Black Dragon of Amber Book Two: The Road to Amber
“A noble war well fought. You must have the luck and backing of the Unicorn,” he said. “Not many survived those. I fought at sea in Magnesia.” That was the sea battle between Eric and Julian at the end of the war. Not many had survived that encounter, either. “Your men will leave tomorrow morning for the Citadel.”
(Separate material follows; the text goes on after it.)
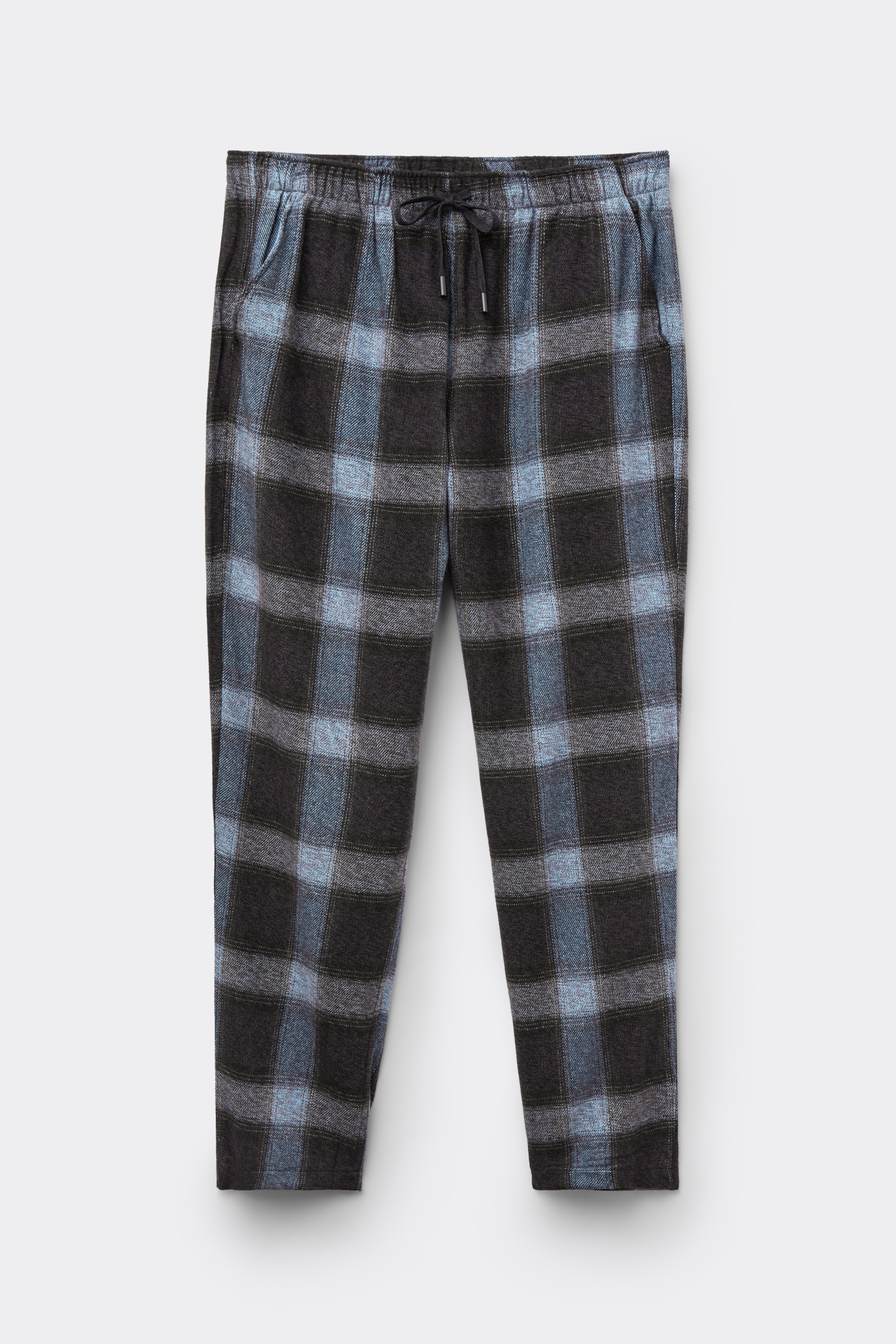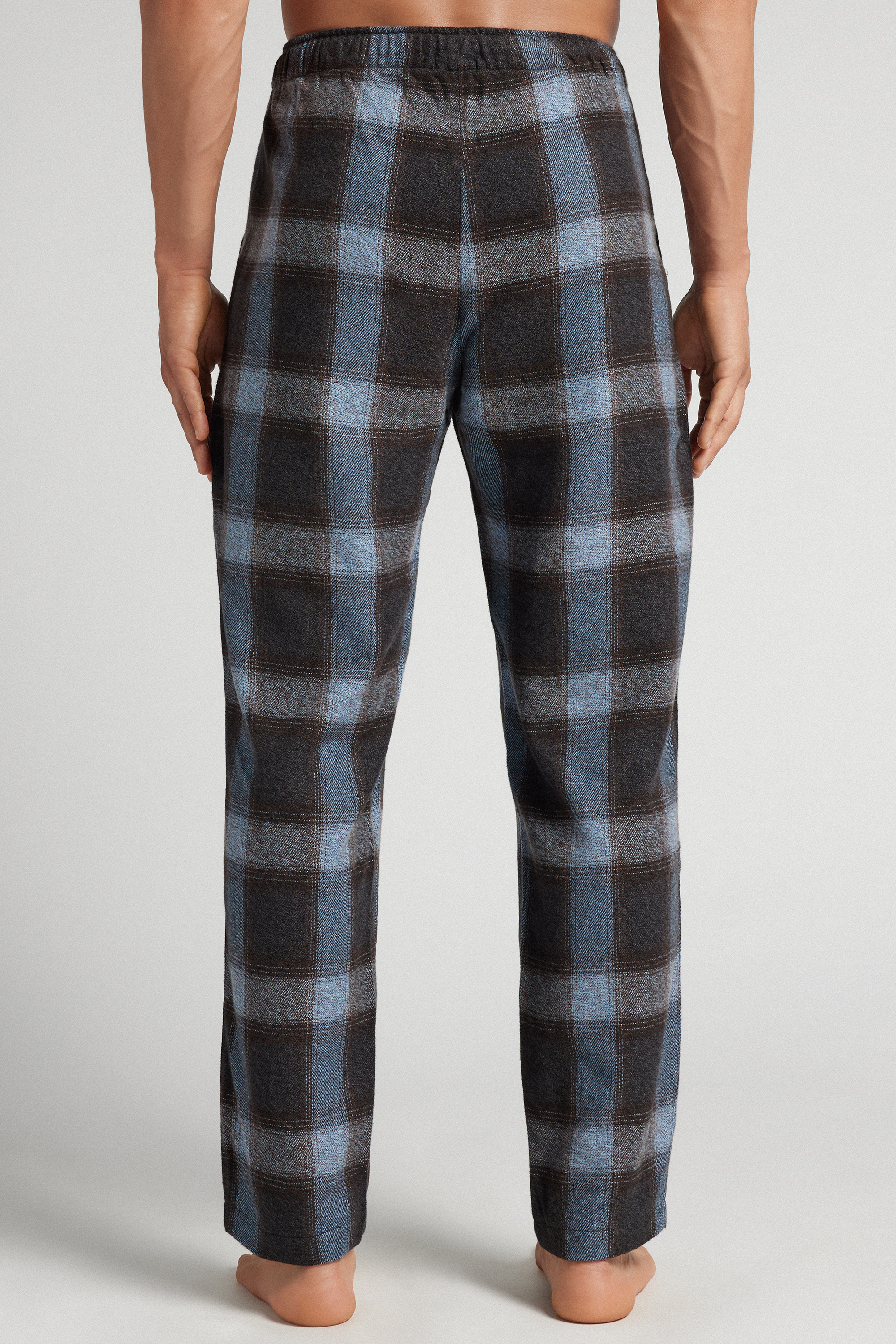 Брюки из трикотажной ткани в клетку синих оттенков. Эта модель подходит как для сна, так и для отдыха дома.

He pointed to a map laid out on the table showing the bay, the port city of Topaz and a vast expanse of forest, some plains and mountains that rivaled the Rockies. Some said plainly that their elevations were unknown and warned of wyvern nests, harpies and other dangerous beasts of the air. The scale suggested that it was a week’s journey to the foothills if the forests weren’t impenetrable.
“Flying legions tried, magic was tried. In the end, it was only betrayal from within that breached her walls, by the Red Witch herself. She turned on her mentor, Jax and slew him. The king wants us to do the same but this time, we have to rescue and retrieve a dragon.”
“He’s mad,” one of the men, snorted. “Ain’t no such critter!”
“Oh, there is,” General Cathorian, said. “I, myself have seen it. Giant, black and it speaks. I believe it is the Black Dragon of Amber and our king wants it back. Those of you who are afraid may opt out but know this, if you stay and win, each and every one of you will reap such wealth as to be a royal Lord yourself.”
“Can’t spend good coin if you’re dead,” another mumbled.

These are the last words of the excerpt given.